To get the most value out of big data, you need to think small
For all the value that the enormous amount of data available today can bring to retailers, it brings just as much hardship.
In fact, the amount of data in play combined with the mounting pressure to use that data in innovative ways have become so overwhelming that they’re actually paralyzing.
Has Big Data Become Too Big?
We’ve been talking about big data for years now, swooning over its ability to help us make smarter decisions that lead to measurably better results. But has big data gotten too big for its own good? In many cases, data has become so unwieldy that marketers are simply immobilized when trying to figure out how to actually understand what it all means and use it to take action.
Most often, this immobilization happens when companies try to boil the ocean with a massive project to get all of their data in a single place. These CIO-led integration efforts require an “all hands on deck” approach and can take years to deliver any results.
Fundamentally, there’s nothing wrong with this big-bang approach. In a cross-channel world, getting all of your data into one place makes a lot of sense. However, it’s not the only way to put all of the consumer data you’ve collected to good use. And it’s certainly not the fastest way to do so.
Putting Big Data Into Action Requires Thinking Small
When all is said and done, it turns out that the best way to get value out of big data quickly is to think small. And this “think small” approach extends to both data projects and decision-making.
In terms of data projects, taking an iterative approach by collecting data from a handful of systems rather than combining every piece of data allows you to make a big impact in a short timeframe. For instance, one good place to start is to combine your ESP data with web analytics or loyalty data. In contrast to the boil the ocean approach, you can implement this iterative method quickly and do so with fewer stakeholders.

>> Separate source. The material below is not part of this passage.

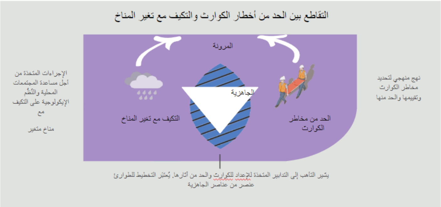
الشكل 2. التقاطع بين الحد من أخطار الكوارث والتكيف مع تغير المناخ

الشكل 2. التقاطع بين الحد من الكوارث والتكيف مع تغير المناخ 182

Looking at decision-making, a lot of teams start by asking “what do we want to know?” which is as loaded a question as I’ve ever heard. Instead, marketers would be better served by starting with very small, very specific questions. For example, think about a new product launch. You might ask questions like:
- Who would be most interested in this product?
- Which of those customers are most valuable to me?
- How can I make those customers feel like they’re getting more value from our brand? Should we let them buy a day in advance? And what’s the best way to tell them that — over Facebook? Over email?
- When it comes time to mark down the product, which of our customers are most price sensitive (and therefore most likely to be interested)?
Breaking down what you need to do into such specific questions makes approaching all of the data you have much less intimidating, ultimately allowing you to use your data in a smart way that delivers results.
Empowering Users to Make Data-Backed Decisions
In the abstract, thinking small makes a lot of sense. But even if the “think small” approach is far simpler than a big-bang effort, you still need the right tools and processes in place to make it happen.
Specifically, using data to augment decisions will inevitably require a cultural change. Marketing has traditionally been a very creative-driven field, especially in the retail space. And while creativity remains critical, teams need to start balancing creative ideas with data-backed decisions.
Getting your team accustomed to answering questions with data requires a shift in culture around how people think about, engage with and use data. That said, once everyone starts to see how easy it can be and the astounding results it can deliver, it becomes an easy sell.